• _Extracted information_
####

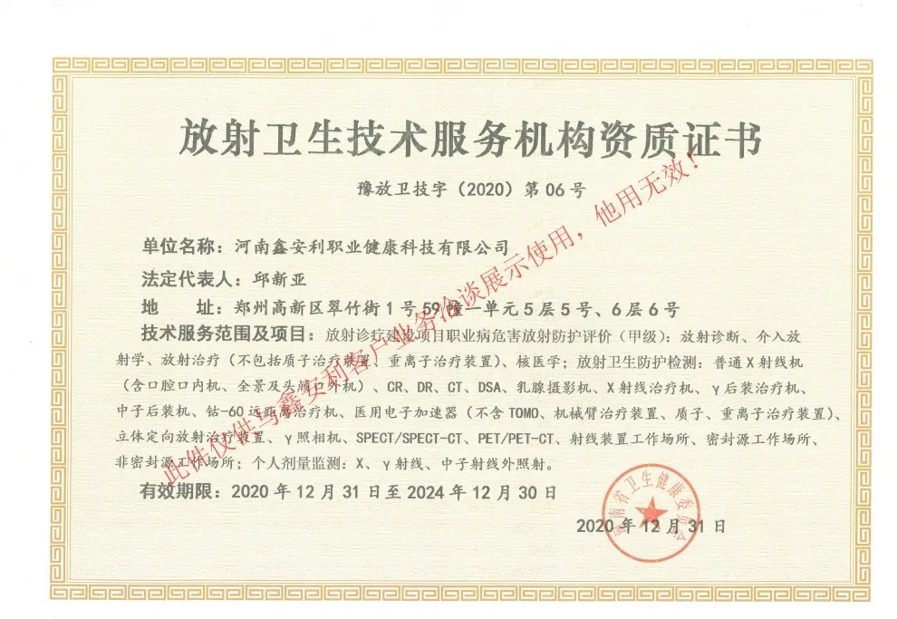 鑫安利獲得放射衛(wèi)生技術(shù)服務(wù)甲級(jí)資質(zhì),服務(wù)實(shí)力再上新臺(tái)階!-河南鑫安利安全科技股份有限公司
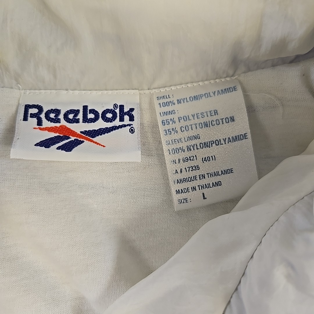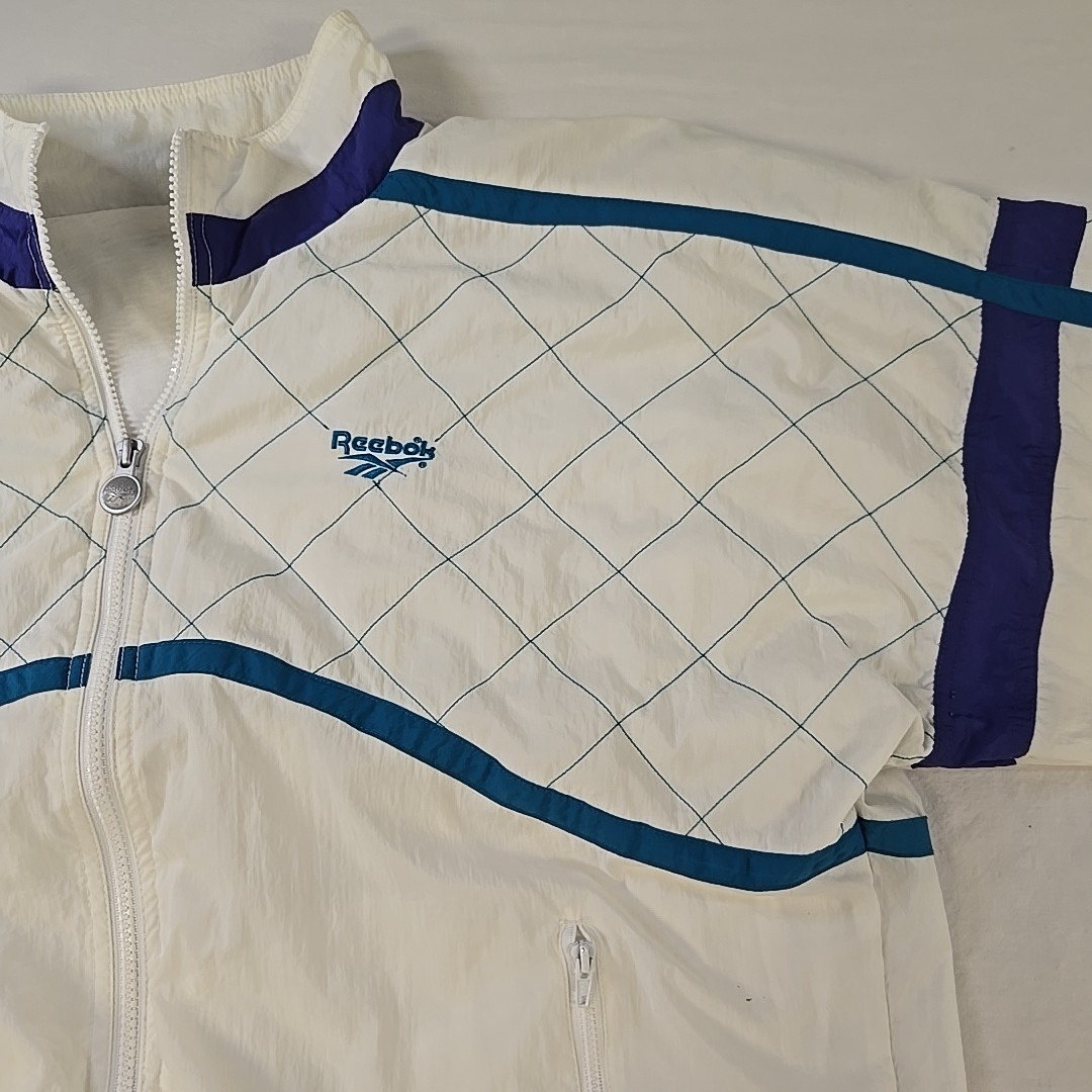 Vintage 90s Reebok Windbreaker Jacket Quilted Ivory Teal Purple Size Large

####

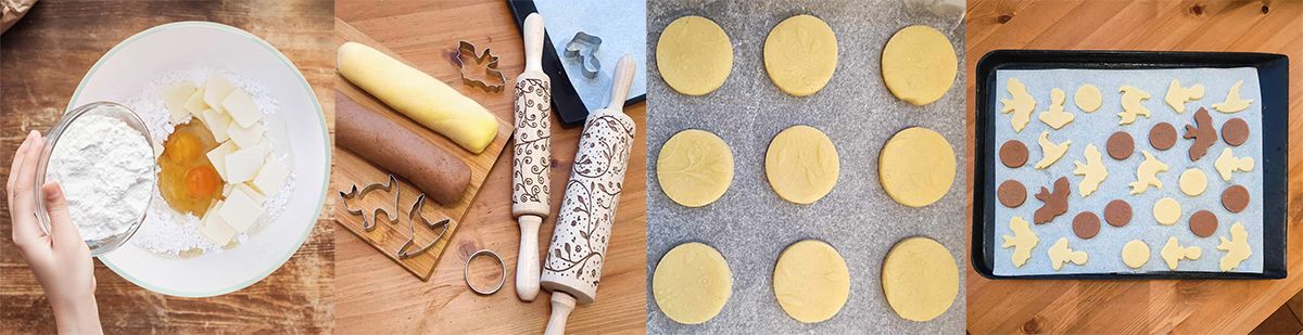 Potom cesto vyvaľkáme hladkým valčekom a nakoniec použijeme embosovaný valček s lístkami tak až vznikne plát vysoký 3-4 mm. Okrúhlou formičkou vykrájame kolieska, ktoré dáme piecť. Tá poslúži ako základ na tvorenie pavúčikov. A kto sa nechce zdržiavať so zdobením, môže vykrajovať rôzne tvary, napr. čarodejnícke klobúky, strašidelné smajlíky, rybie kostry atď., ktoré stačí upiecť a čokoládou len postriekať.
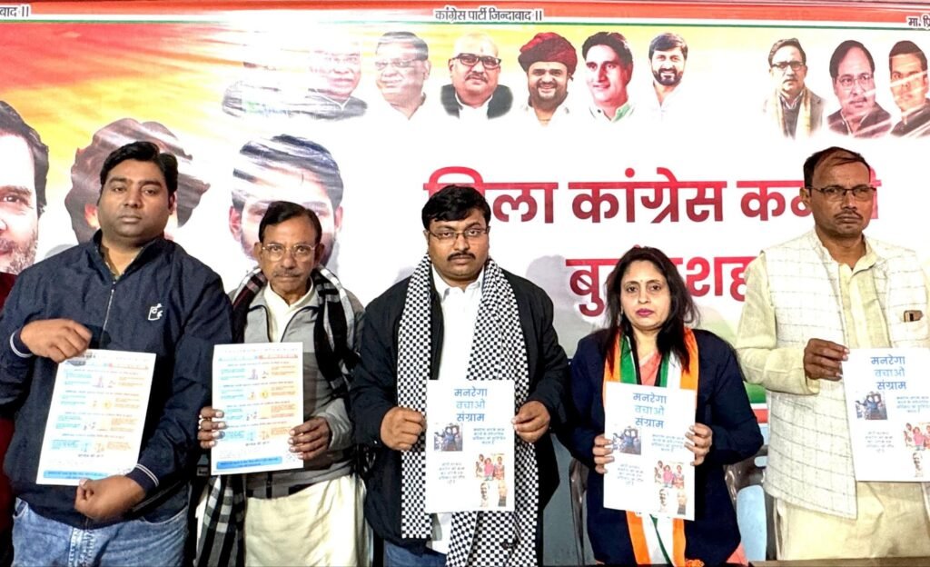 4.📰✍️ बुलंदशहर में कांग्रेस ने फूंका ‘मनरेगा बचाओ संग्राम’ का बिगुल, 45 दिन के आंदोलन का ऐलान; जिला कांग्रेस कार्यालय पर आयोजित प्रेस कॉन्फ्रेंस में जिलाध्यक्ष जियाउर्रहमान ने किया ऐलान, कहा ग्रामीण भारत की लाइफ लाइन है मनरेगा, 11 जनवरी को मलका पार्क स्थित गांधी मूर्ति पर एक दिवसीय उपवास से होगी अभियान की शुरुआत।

####

• _Work to be completed_
Beginning with the line holding "Potom cesto vyvaľkáme" in the material above, restate word for word each line through the line holding "4.📰✍️ बुलंदशहर में", and exclude pictures.

• _Solution_
 Potom cesto vyvaľkáme hladkým valčekom a nakoniec použijeme embosovaný valček s lístkami tak až vznikne plát vysoký 3-4 mm. Okrúhlou formičkou vykrájame kolieska, ktoré dáme piecť. Tá poslúži ako základ na tvorenie pavúčikov. A kto sa nechce zdržiavať so zdobením, môže vykrajovať rôzne tvary, napr. čarodejnícke klobúky, strašidelné smajlíky, rybie kostry atď., ktoré stačí upiecť a čokoládou len postriekať.
 4.📰✍️ बुलंदशहर में कांग्रेस ने फूंका ‘मनरेगा बचाओ संग्राम’ का बिगुल, 45 दिन के आंदोलन का ऐलान; जिला कांग्रेस कार्यालय पर आयोजित प्रेस कॉन्फ्रेंस में जिलाध्यक्ष जियाउर्रहमान ने किया ऐलान, कहा ग्रामीण भारत की लाइफ लाइन है मनरेगा, 11 जनवरी को मलका पार्क स्थित गांधी मूर्ति पर एक दिवसीय उपवास से होगी अभियान की शुरुआत।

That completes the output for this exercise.